**Your task:** With the pictures left out, restate exactly the part below that opens with the line containing "日照 | 積雪 | 降雪 |" and closes with the line containing "ಬೆಂಗಳೂರು: ಕರ್ನಾಟಕ ಕೈಗಾರಿಕಾ".

**Data for analysis:**
· · · · ·

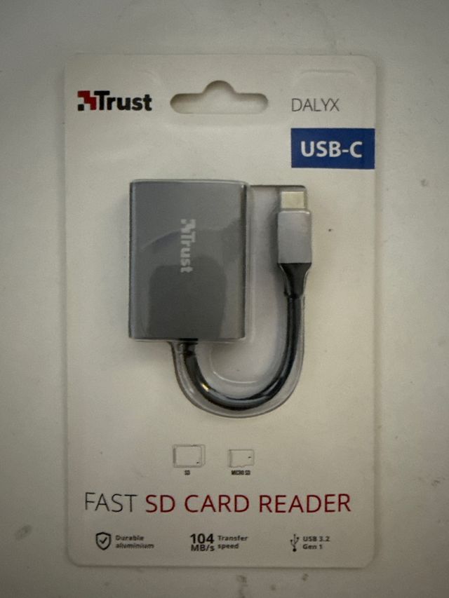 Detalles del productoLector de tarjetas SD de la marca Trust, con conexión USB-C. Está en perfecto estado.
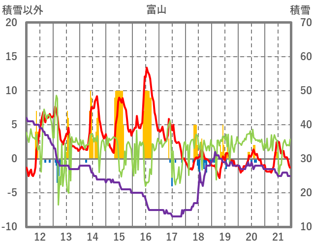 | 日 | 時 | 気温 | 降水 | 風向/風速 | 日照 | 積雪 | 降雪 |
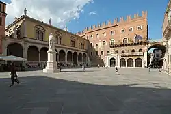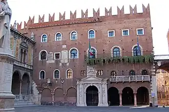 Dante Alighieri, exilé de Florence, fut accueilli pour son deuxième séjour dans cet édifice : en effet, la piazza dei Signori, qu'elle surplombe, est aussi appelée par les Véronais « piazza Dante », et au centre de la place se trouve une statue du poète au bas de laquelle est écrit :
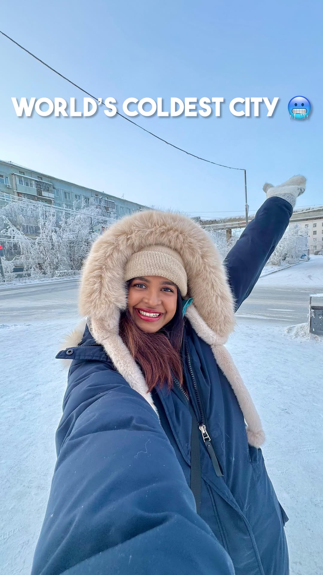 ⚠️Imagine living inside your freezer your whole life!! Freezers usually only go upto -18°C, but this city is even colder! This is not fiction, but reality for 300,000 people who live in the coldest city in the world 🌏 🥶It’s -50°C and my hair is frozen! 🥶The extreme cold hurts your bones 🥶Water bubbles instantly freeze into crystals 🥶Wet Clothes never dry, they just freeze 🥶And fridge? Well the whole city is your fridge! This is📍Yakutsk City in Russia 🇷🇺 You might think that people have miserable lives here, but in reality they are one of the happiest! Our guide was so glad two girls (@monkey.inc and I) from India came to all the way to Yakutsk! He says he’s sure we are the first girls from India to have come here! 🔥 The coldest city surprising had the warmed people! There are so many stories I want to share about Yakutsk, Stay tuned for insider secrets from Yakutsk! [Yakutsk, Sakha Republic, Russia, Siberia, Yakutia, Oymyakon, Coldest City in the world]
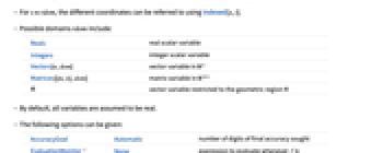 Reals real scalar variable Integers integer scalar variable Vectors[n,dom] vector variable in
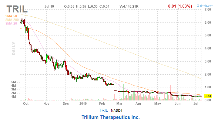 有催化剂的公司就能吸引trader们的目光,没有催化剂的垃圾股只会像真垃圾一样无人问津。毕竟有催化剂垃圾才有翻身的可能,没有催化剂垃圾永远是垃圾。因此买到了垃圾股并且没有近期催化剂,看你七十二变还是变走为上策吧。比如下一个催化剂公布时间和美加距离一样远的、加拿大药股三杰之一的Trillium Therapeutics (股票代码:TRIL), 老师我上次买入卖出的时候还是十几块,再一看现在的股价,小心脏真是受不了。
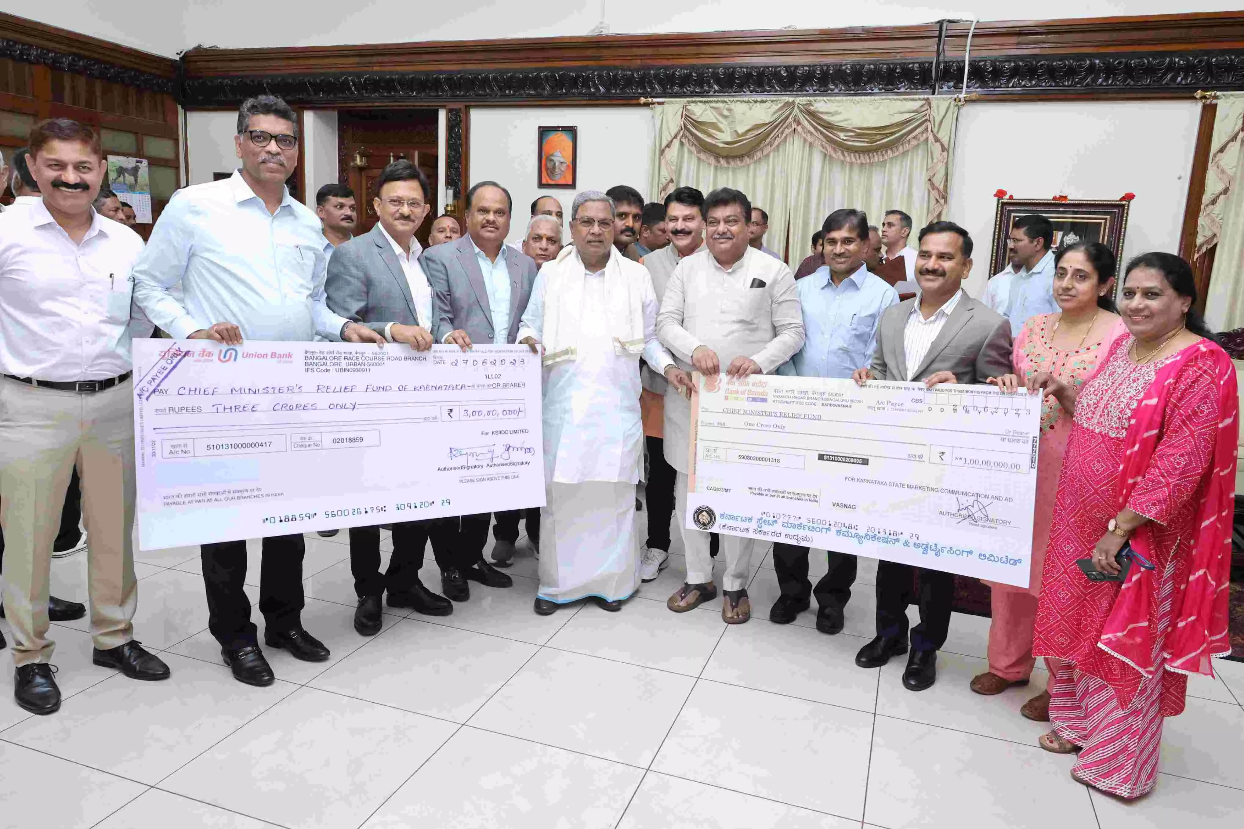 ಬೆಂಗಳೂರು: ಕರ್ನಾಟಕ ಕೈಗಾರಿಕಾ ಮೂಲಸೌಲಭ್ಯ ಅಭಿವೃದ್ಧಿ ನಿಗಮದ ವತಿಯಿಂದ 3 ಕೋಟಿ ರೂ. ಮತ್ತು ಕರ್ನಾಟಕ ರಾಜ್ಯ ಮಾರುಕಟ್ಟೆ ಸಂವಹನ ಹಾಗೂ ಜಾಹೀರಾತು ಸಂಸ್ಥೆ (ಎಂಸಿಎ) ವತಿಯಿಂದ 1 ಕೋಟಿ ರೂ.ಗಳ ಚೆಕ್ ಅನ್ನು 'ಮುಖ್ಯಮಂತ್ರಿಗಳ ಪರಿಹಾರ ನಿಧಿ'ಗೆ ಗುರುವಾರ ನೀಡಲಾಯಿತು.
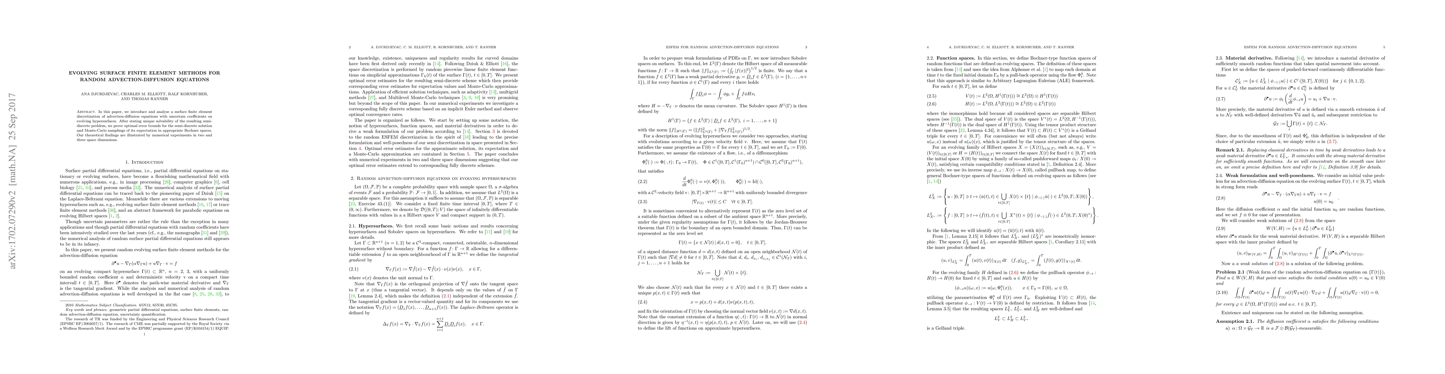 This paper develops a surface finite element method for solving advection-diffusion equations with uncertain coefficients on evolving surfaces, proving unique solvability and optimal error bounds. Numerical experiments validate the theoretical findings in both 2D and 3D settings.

· · · · ·

**Task solution:**
 | 日 | 時 | 気温 | 降水 | 風向/風速 | 日照 | 積雪 | 降雪 |
 Dante Alighieri, exilé de Florence, fut accueilli pour son deuxième séjour dans cet édifice : en effet, la piazza dei Signori, qu'elle surplombe, est aussi appelée par les Véronais « piazza Dante », et au centre de la place se trouve une statue du poète au bas de laquelle est écrit :
 ⚠️Imagine living inside your freezer your whole life!! Freezers usually only go upto -18°C, but this city is even colder! This is not fiction, but reality for 300,000 people who live in the coldest city in the world 🌏 🥶It’s -50°C and my hair is frozen! 🥶The extreme cold hurts your bones 🥶Water bubbles instantly freeze into crystals 🥶Wet Clothes never dry, they just freeze 🥶And fridge? Well the whole city is your fridge! This is📍Yakutsk City in Russia 🇷🇺 You might think that people have miserable lives here, but in reality they are one of the happiest! Our guide was so glad two girls (@monkey.inc and I) from India came to all the way to Yakutsk! He says he’s sure we are the first girls from India to have come here! 🔥 The coldest city surprising had the warmed people! There are so many stories I want to share about Yakutsk, Stay tuned for insider secrets from Yakutsk! [Yakutsk, Sakha Republic, Russia, Siberia, Yakutia, Oymyakon, Coldest City in the world]
 Reals real scalar variable Integers integer scalar variable Vectors[n,dom] vector variable in
 有催化剂的公司就能吸引trader们的目光,没有催化剂的垃圾股只会像真垃圾一样无人问津。毕竟有催化剂垃圾才有翻身的可能,没有催化剂垃圾永远是垃圾。因此买到了垃圾股并且没有近期催化剂,看你七十二变还是变走为上策吧。比如下一个催化剂公布时间和美加距离一样远的、加拿大药股三杰之一的Trillium Therapeutics (股票代码:TRIL), 老师我上次买入卖出的时候还是十几块,再一看现在的股价,小心脏真是受不了。
 ಬೆಂಗಳೂರು: ಕರ್ನಾಟಕ ಕೈಗಾರಿಕಾ ಮೂಲಸೌಲಭ್ಯ ಅಭಿವೃದ್ಧಿ ನಿಗಮದ ವತಿಯಿಂದ 3 ಕೋಟಿ ರೂ. ಮತ್ತು ಕರ್ನಾಟಕ ರಾಜ್ಯ ಮಾರುಕಟ್ಟೆ ಸಂವಹನ ಹಾಗೂ ಜಾಹೀರಾತು ಸಂಸ್ಥೆ (ಎಂಸಿಎ) ವತಿಯಿಂದ 1 ಕೋಟಿ ರೂ.ಗಳ ಚೆಕ್ ಅನ್ನು 'ಮುಖ್ಯಮಂತ್ರಿಗಳ ಪರಿಹಾರ ನಿಧಿ'ಗೆ ಗುರುವಾರ ನೀಡಲಾಯಿತು.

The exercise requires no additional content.